As head of Architectural Robotics research at the MIT Media Lab, Larrea spent 4 years developing strategies for “living large in a small space”: his team created an “army of furniture with superpowers” and built a 200 square-foot CityHome, living laboratory focused on using mechatronics (electronics plus mechanical engineering).
Now, his company Ori– Japanese for “to fold”- has created robotic furniture that transforms into a bedroom, living room or an office with the push of a button. “The idea here is architecture and robotics: so how you bring mechanics, electronics, software to make spaces effortlessly transformable. And the word ‘effortless’ is very important because I’ve seen thousands of beautiful tiny apartments that are just too much work to transform. So how we can make transformation not be a ritual, how we can make transformation be magical and that’s where the power of robotics comes into play.”

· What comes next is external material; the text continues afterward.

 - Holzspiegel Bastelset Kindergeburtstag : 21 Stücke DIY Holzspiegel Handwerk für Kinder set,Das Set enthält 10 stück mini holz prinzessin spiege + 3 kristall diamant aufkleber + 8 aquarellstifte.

Ori System’s first offering (widely available in early 2017) is a morphing wall that divides any studio into separate spaces by pushing a button for one of the presets: living room, bedroom and office (the lighting is also preset to change for the individual rooms). The unit, designed by Yves Béhar, resembles a large wall of shelves with a closet, drawers, pop-out desk and a trundle-style bed which slides out automatically when the bedroom setting is pushed.
What makes the system function is fairly simple: a mechanical actuator to slide the bed and the wall, embedded sensors for safety (the furniture stops morphing if motion is detected, similar to a garage-door opener) and the computer portion leaves the system open to be upgraded with new apps (with future versions of the software, the unit could be controlled by voice or gestures). The furniture can be controlled by smartphone so users can set up their space before arriving home.

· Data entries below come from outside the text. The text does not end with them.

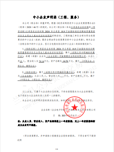 | *、采购项目名称:兰考县农业农村局****年兰考县**.*万亩高标准农田耕地质量等级评价及占用永久基本农田补划项目 | |||||||||||||||||||||||||||||||
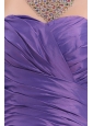 The purple prom dress is sure for you to own if you are searching for something purple. A fitted, strapless bodice made of ruched details accenting the sweetheart neckline. The full skirt with net material on the outlayer creates a beautiful shape to complete the dress. The back is zipper up back.
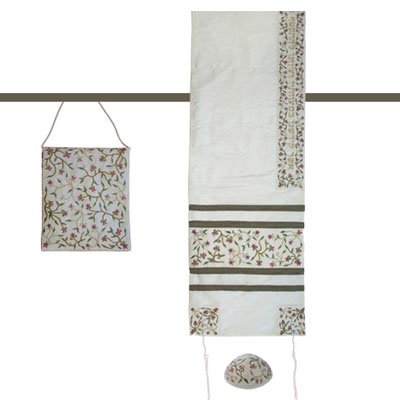 Tallit Prayer Shawl Gadol + Bag + Kippah + Atara Set - Yair Emanuel EMBROIDERED RAW SILK FLOWERS WHITE (Bundle)

Ori is currently rolling out the product in three cities (Boston, Seattle and Washington, D.C.), working directly with commercial and residential real estate developers (we filmed with him in Skanska’s Watermark Seaport building in Boston).
Larrea says that future iterations of the product will take advantage of vertical space by moving a bed or table to the ceiling when not in use. “It’s interesting because the moment you make it as tiny as 200 square feet, that’s when moving sideways doesn’t make as much sense, then you need to go up.”
Ori is launching with two options- systems for a full, or queen, size bed- and customizable storage and cabinetry colors, but in the future Larrea hopes that his creation will scale to serve even the DIY community. “We don’t want to create a closed system, a bunch of guys here in Boston from MIT are not going to design all the spaces of the world. But what if we can provide the tools so that the people who really understand spaces, spaces that are different in Shanghai, in Seoul, in New York. What if those people could have access to tools. And that’s what we’ve been seeing in software, in the maker movement, what if we could bring that to architecture and design.”